Harari today is generally written in three scripts. It was originally written in an unmodified and now in a standardized modified Arabic Script. The Ethiopic script was then adopted to write Harari in the 1990s. There is a Latin version of the script used by the Harari diaspora.

Historically the language was also written in native Harari secret script until the late 70s. French trader Alfred Barday stated in the mid 19th century that the traditional Harari script had ceased to be utilized.
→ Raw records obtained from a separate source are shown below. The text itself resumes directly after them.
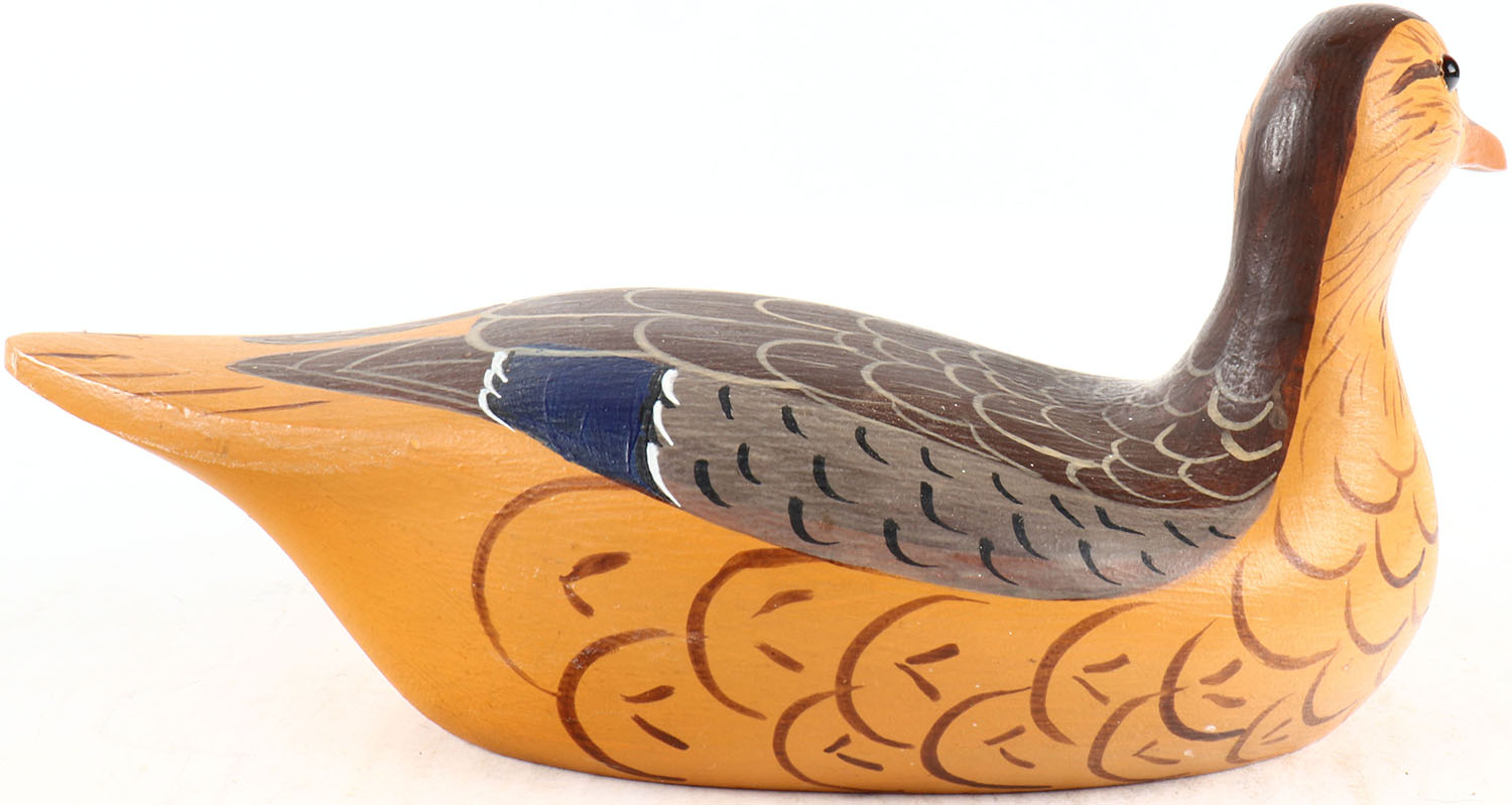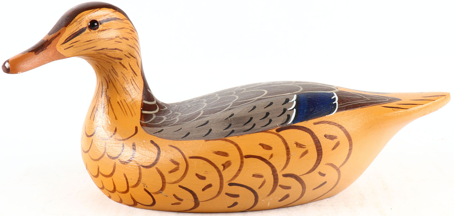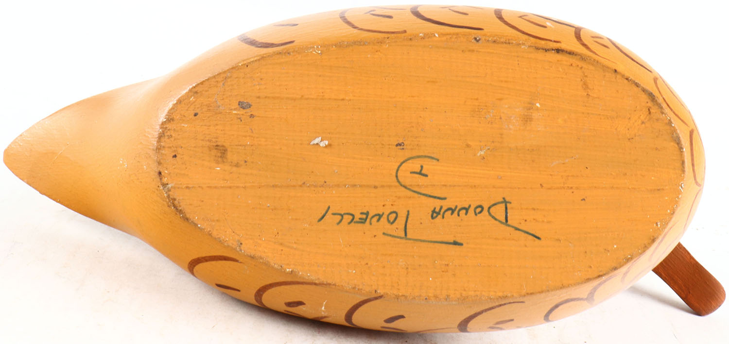 Mallard Hen by Donna Tonelli, glass eyes, solid wood, original paint, structurally excellent, signed on bottom. Grade: MINT - Value: 50 to 100
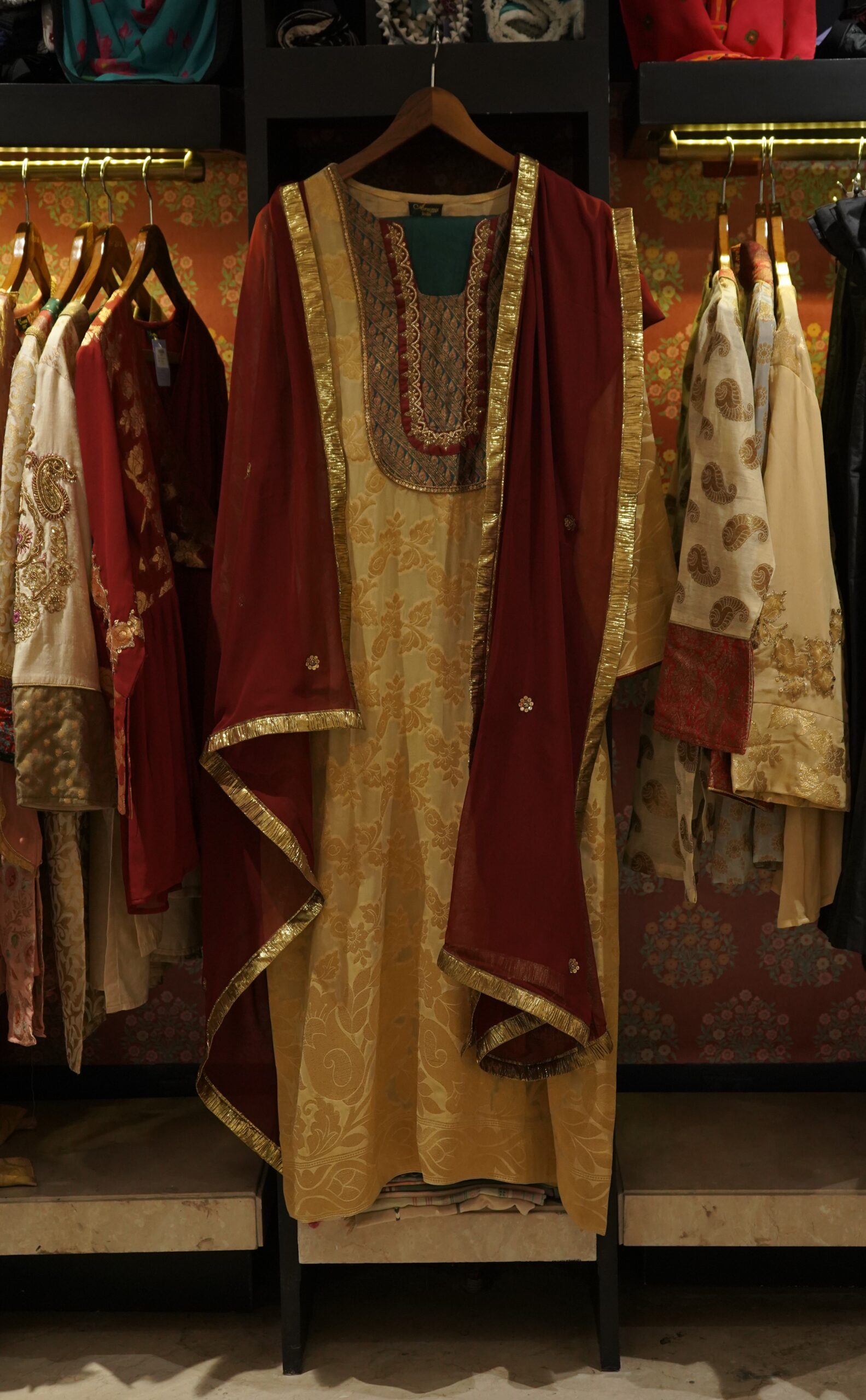 Be the first to review “Banarsi Palazzo Suit Set – Beige Gold”
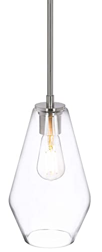 XiNBEi Lampada a sospensione Mini lampada a sospensione a 1 luce, moderna cucina regolabile in vetro Lampada a sospensione a sospensione Finitura nichel spazzolato XB-P228-BN
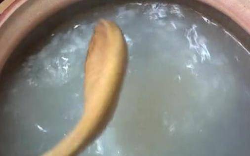 砂鍋裡加水,燒開後,倒入醃制好的大米。
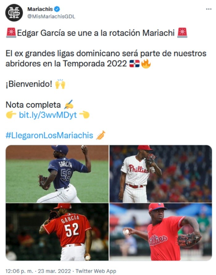 La novena tapatía fortaleció su cuerpo de pitcheo. Mariachis de Guadalajara hizo oficial la llegada del serpentinero Edgar García, quien viene de jugar en Grandes Ligas y llega a la Perla Tapatía para aportar toda su experiencia en el equipo jalisciense.El dominicano de 25 años de edad tendrá la responsabilidad de fortalecer la rotación abridora de Mariachis para la Temporada 2022 de la Liga Mexicana de Beisbol (LMB).García se une así al proyecto del manager Sergio Omar Gastélum, quien tiene contemplado al lanzador derecho como parte del staff de abridores extranjeros, donde también estarán el venezolano Henry Centeno y el estadounidense Matt Tenuta.El pitcher dominicano llega con grandes expectativas. Fue firmado desde 2014 por Philadelphia Phillies y con este equipo debutó en Grandes Ligas (MLB, por sus siglas en inglés) desde 2019. En 2020 pasó por Tampa Bay Rays y el año pasado lanzó para Cincinnati Reds y Minnesota Twins.En total registra 52 juegos de pelota caliente en la gran carpa y ahora buscará lucir con los Mariachis de Guadalajara en el circuito veraniego del beisbol mexicano.OF
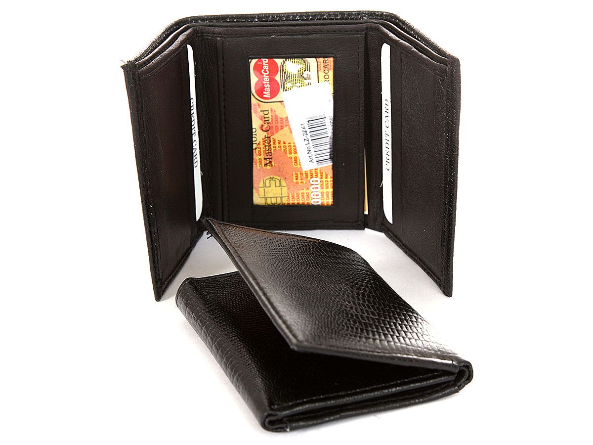 Genuine leather lizard embossed tri-fold men wallet

=== Harari Arabic script===

Harari Arabic script consists of 36 letters, made up of the original 28 Arabic letters, plus 8 additional letters for sounds unique to Harari or to loanwords of European origin. 8 of the original 28 letters are only used for writing of loanwords of Arabic origin (shown in beige in the table below). 2 of the 8 new letters are only used for writing of loanwords of European origin (shown in green in the table below).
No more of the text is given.